We want to share some of the data we have in Hive with external users - those who do not have access to our cluster.
Ideally, I would like to setup a daily process to push the output of certain queries to AWS in such a way that users outside our office/VPN could perform queries against that data.
I can think of a handful of complicated ways to accomplish this, but I'm guessing this has to be a pretty common use case.
What are some good options to get large amounts of data from a baremetal cluster to a cloud resource without tying up an upload pipe all the time?
Thanks in advance
hive -e "create table my_export stored as text location 's3n://my_bucket/my_export' as select * from my_table;"
Or some variation of the above works pretty well.
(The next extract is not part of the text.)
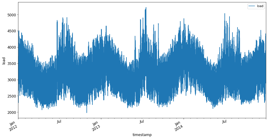 energy.plot(y='load', subplots=True, figsize=(15, 8), fontsize=12)
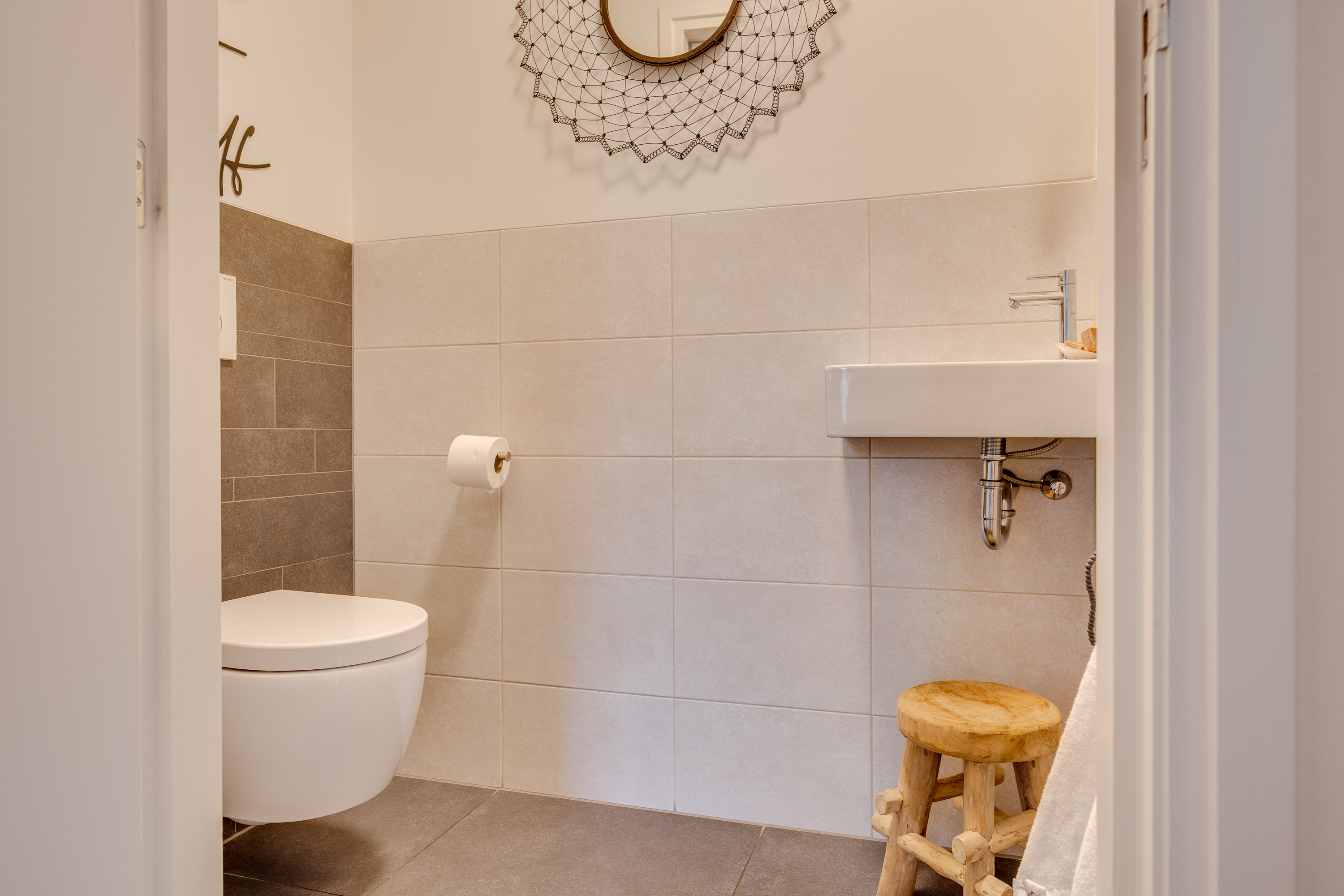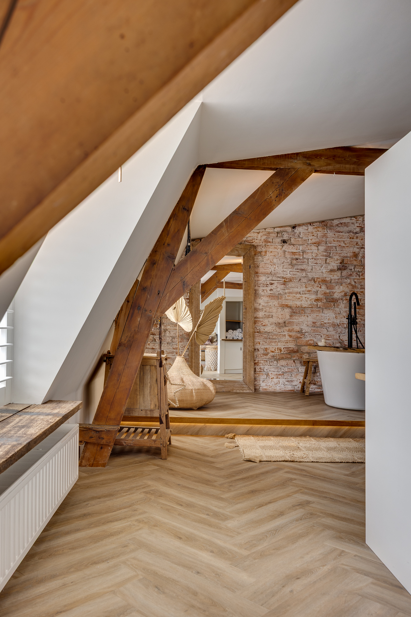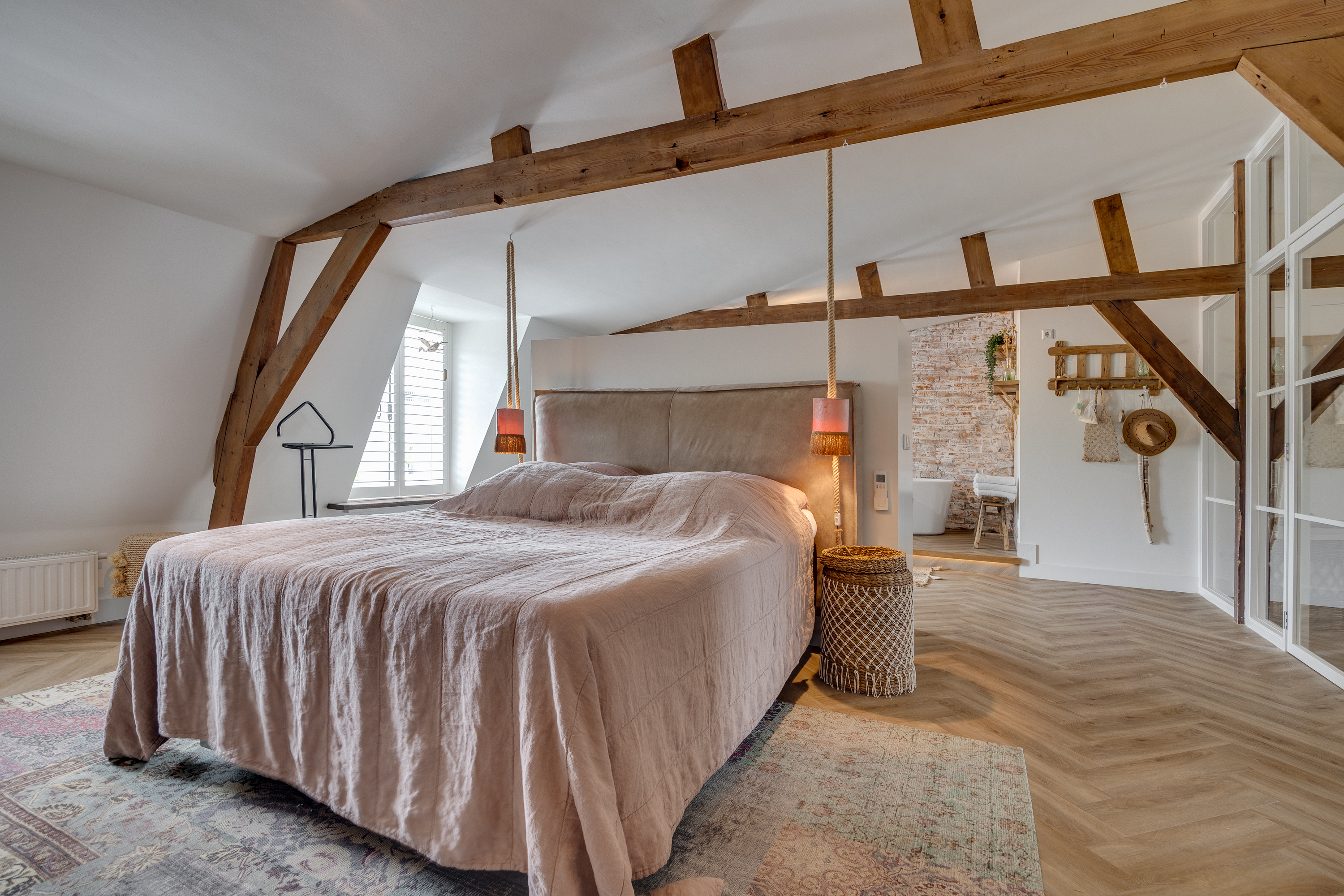 Daarnaast is er een tweede badkamer met inloopdouche, wastafelmeubel, toilet en ruimte voor wasmachine en droger. Een extra separaat toilet bevindt zich op de overloop. Authentieke houten balken zijn in het zicht gebleven en zorgen voor een sfeervol contrast met de moderne afwerking.

This will be a parallel write into s3 as if it was just another directory on HDFS. You will need to use AWS APIs to configure needed security policies on the bucket and/or "subfolders".
S3a would be better, but depending on your cluster version, s3n will just work whereas there are kinks with S3a yet to be worked out.
That's helpful - and very slick - for a particular use case.
But suppose the end user (who runs the query) doesn't have a hadoop cluster or EMR instance.
They just want to open SquirrelSQL (or whatever) or perform a query.
That's more the situation I'm trying to figure out.
Correct me if you know otherwise, but Squirrel isn't a SQL engine itself. It needs a backend to connect to before it can do much of anything.
When doing data exploration outside of a Hadoop environment, I've had success using standalone Zeppelin/Spark as a way to run SQL against static files (including stored in S3).